Here is a photograph of the crew in the test kitchen/photo studio. On the left is Terry Tolman. His title is “Creative Workflow Engineer.” He supervises the many photo shoots that happen in this department of Cenveo. Terry helped set up the shots and he was an all-around supportive guy. Pieter Martin stands to his right, in the green shirt. Next to Pieter is Chad Linderman, a chef who cooked and assisted the food stylist. Robin Lietz (wearing glasses) photographed each dish that was prepared. Sami and Sheng are to her right. Next to them is the food stylist, Lara Miklasevics.

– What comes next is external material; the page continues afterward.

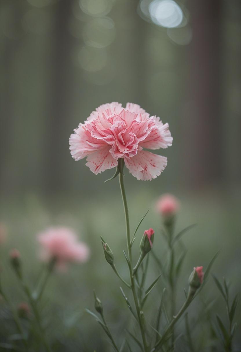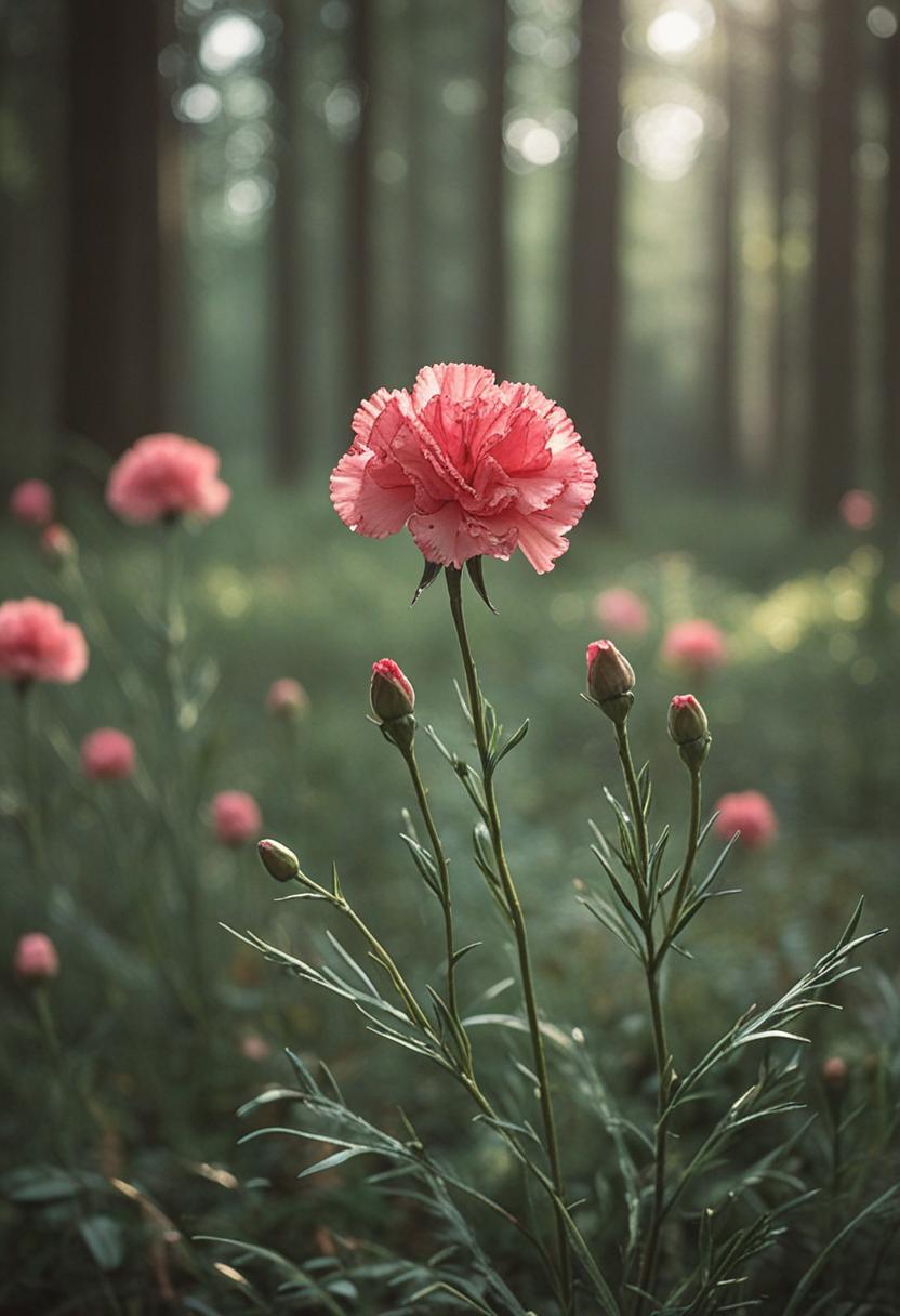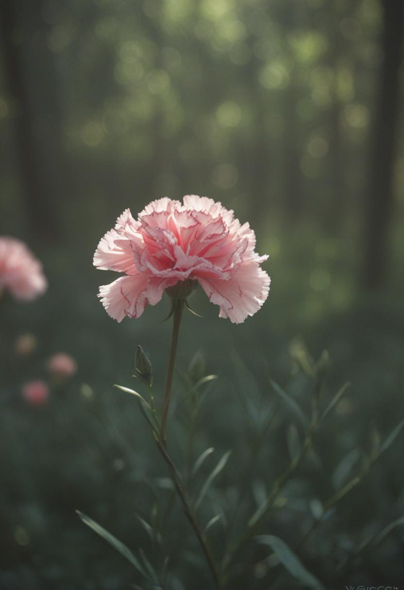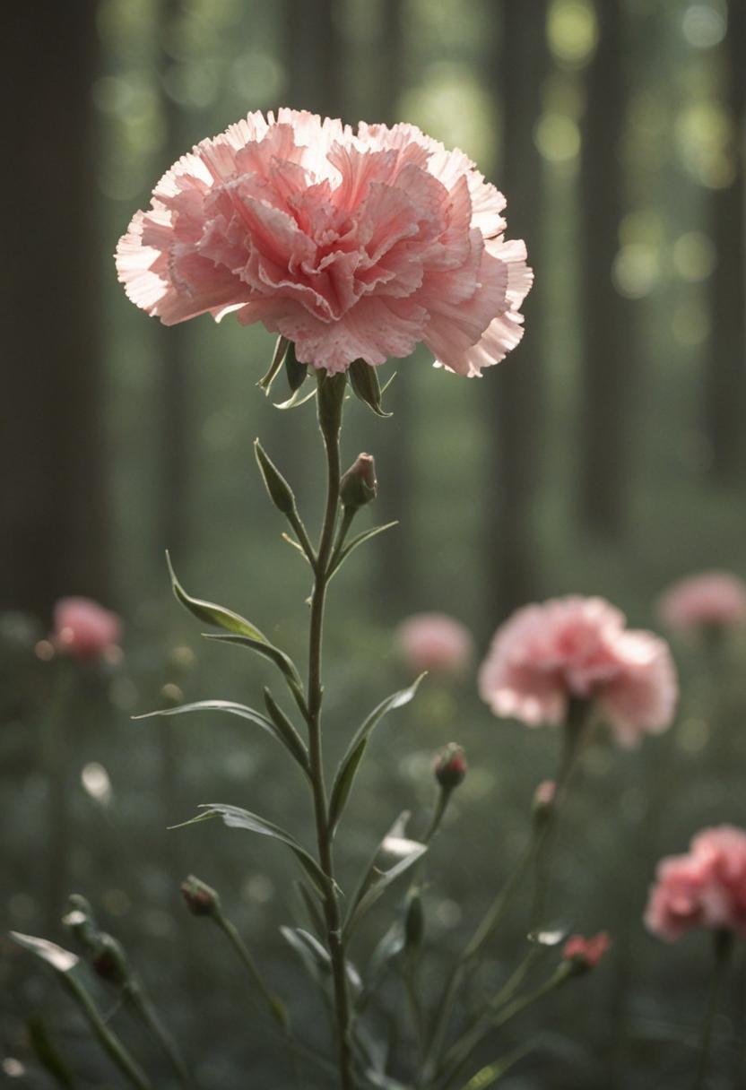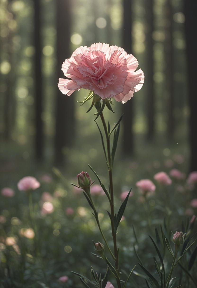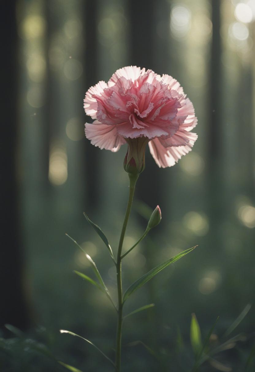 53. A dreamy close-up of a carnation in dappled forest light, evoking a soft, romantic aesthetic with gentle shadows and soft focus, capturing a serene and enchanting moment in nature.

![](http://www.hmongcooking.com/blog/uploaded_images/Creative-Crew-704879.jpg) We were amazed at the amount of forethought and work that went into each shot. Prior to our arrival, after consulting with us, the team had decided which dishes would be photographed. They wanted to include a variety of dishes, including ones that are simple, complex, traditional, contemporary, entrees, deserts, condiments and beverages. They also decided upon a unifying color pallet and acquired tableware and table coverings that would best show off each dish.
On Sunday, we all spent the morning shopping at the International Market in St Paul, to purchase beautiful herbs and vegetables from Hmong vendors. Yuepheng and Shoua Xiong, the owners of the Hmong ABC Bookstore in St Paul loaned the Press several lovely pieces of Paj Ntaub to include in the shots.

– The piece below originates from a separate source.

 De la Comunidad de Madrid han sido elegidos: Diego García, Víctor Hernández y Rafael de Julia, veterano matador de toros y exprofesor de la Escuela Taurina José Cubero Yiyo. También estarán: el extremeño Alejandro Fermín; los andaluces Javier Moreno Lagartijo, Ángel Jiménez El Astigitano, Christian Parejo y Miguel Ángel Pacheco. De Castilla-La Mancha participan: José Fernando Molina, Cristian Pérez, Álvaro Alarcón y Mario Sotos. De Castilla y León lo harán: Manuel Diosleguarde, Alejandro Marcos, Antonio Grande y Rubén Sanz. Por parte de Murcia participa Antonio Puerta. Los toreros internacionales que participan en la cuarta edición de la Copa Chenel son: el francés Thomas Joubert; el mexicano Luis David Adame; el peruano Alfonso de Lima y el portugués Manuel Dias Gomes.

It took four days to do the photography. Sheng, Sami and Chad chopped, mixed and cooked. Laura meticulously styled each dish. What a perfectionist! She considered the exact placement of each lime wedge and chili pepper. Robin spent hours photographing each dish. The degree of detail that goes in to getting the lighting, textures, colors and the placement of each element of a food photograph astounded us. Here is a photograph Sami took of Chad, Terry and Robin reviewing an image of papaya salad on the computer screen.
Because Sheng lives in Sacramento California and Sami in Portland Oregon we do much of our work on the book via email and don’t get to spend much time together. Well, that changed for the several days we spent in the Twin Cities. The pace was hectic, but we did have our moments of fun.
![](http://www.hmongcooking.com/blog/uploaded_images/Toes-718022.jpg) We'll write more later about some of the other wonderful people we met in St Paul while doing research for the book.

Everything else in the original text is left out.